In addition, the government adopted the Civilised Labour Policy. In 1925 the government passed the Protective Tariffs Act for the establishment of the manufacturing industry. The Civilised Labour Policy fitted in well with this development as it required that no job in protected industry should be given to blacks as long as there were unemployed white workers. This policy helped to wipe out the poor white problem within a decade. In doing so it created a poor black problem which is still with us today.
The path towards enfranchisement of Africans had been strewn with obstacles throughout the years of 'responsible' government in the Cape. After the formation of Union the franchise right was not extended to the other three provinces. It existed in an extremely attenuated form in Natal, and could be withdrawn by a vote of two-thirds of the two Houses of Parliament sitting together. The Native Representation Act, passed in 1936, removed the African voters from the common voters' roll. Under this Act the Africans were represented in the two Houses as a group. When the National Party came to power in 1948 it lost no time in preparing the ground for a complete denial to Africans of a say in Parliament. In 1950 it passed the Bantu Authorities Act, which provided for the setting up of nine ethnic areas in the reserves. These came to be called Bantustans, and government policy laid down that Africans would satisfy their political aspirations in local government activities in the separate ethnic Bantu Authorities.
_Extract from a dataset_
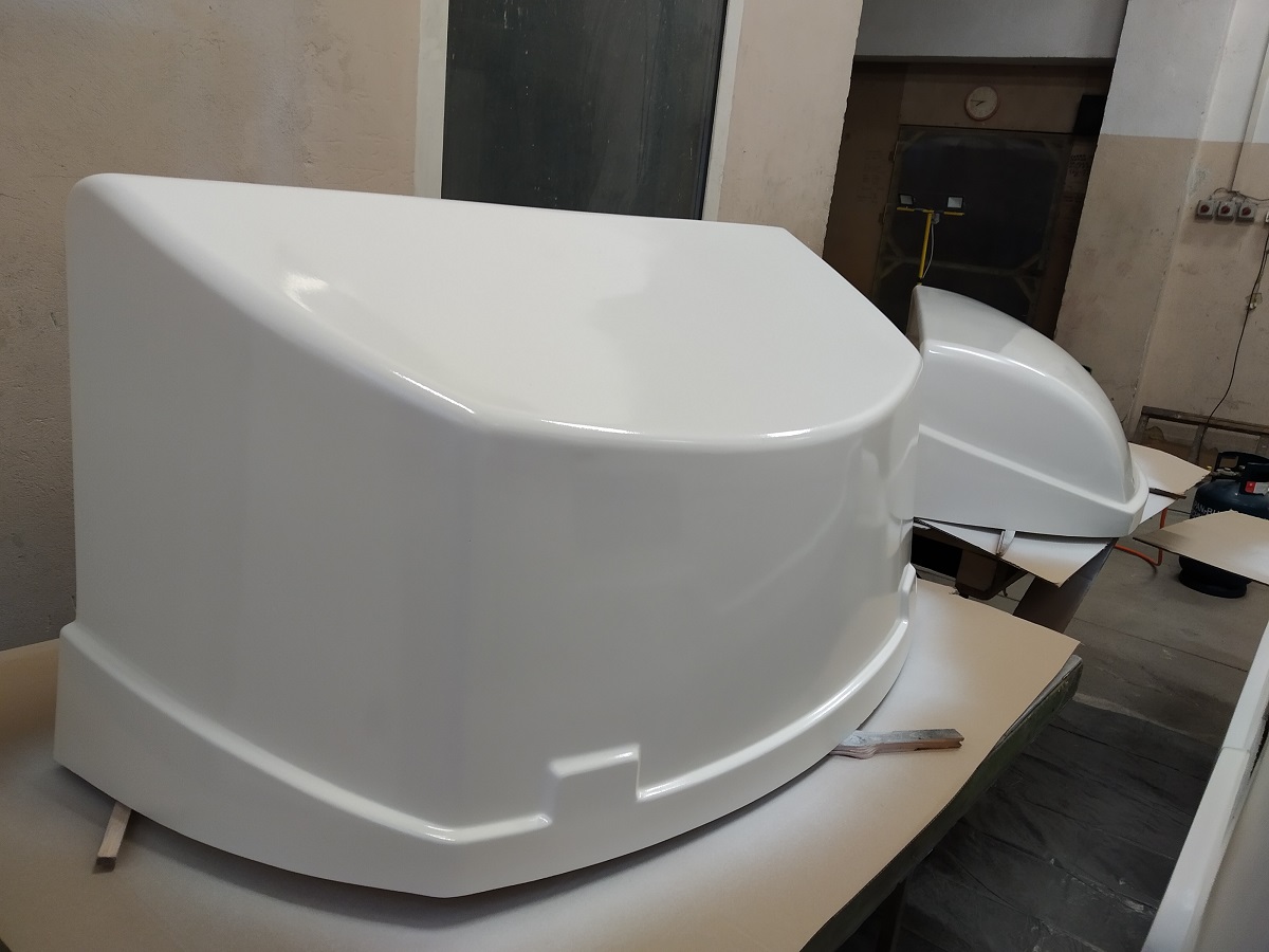Robiłem to przygotowując najpierw arkusz laminatu (żelkot + 2 x mata 450 g), a następnie wycinałem z niego pożądany kształt i wlaminowywałem w otwory okienne (tył oraz okno kuchenne). Wstawione fragmenty od spodu zalaminowałem warstwą tkaniny rowningowej i maty, obie 450 g/m2.
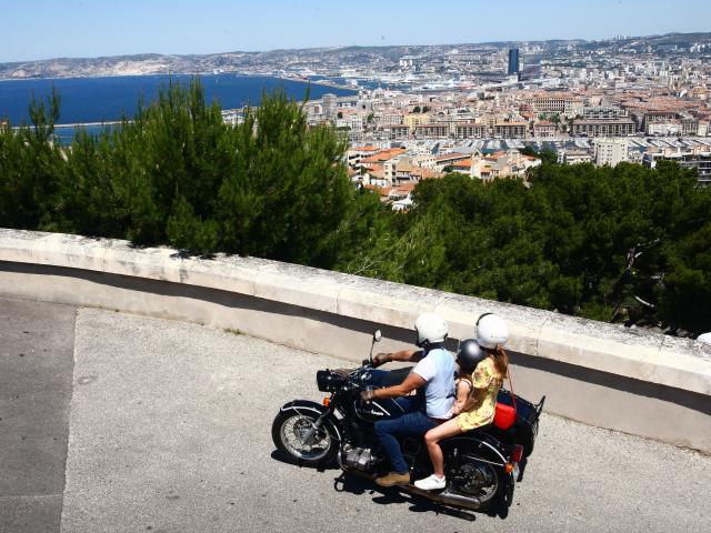 Excursion en side car pour un tour panoramique suivi d’un apéritif pétanque dans un lieu privé. Dépose des side cars près d’un restaurant dans le quartier des Goudes.

Thus, by 1959, even the limited representation Africans had was discontinued with the repeal of the Natives Representation Act.
Without dealing with the multitude of other special legislation affecting Africans as a group we have traced the course of legislation sufficiently to illustrate, first, how Africans as a group have been denied political rights; secondly, how as a group they are placed at a disadvantage in comparison with the whites; thirdly, how as a group they are denied the right of ownership of land on a freehold tenure basis outside the reserves, and that even there ownership is extremely limited, as such land is vested in the Native Trust.
In the face of such all-embracing denial of rights to all Africans it would appear that every African would without much persuasion join the forces that fight for his rights. However, experience has taught us that to expect this, would be over simplifying matters.
Whatever reasons may be given to explain away this marriage of capital and white labour against members of their class who happen not to be white, the fact is that the white working class has sacrificed an overwhelming section of the working class at the altar of the race-god. They have created a situation in which black and white must stand facing each other at daggers drawn across the colour line.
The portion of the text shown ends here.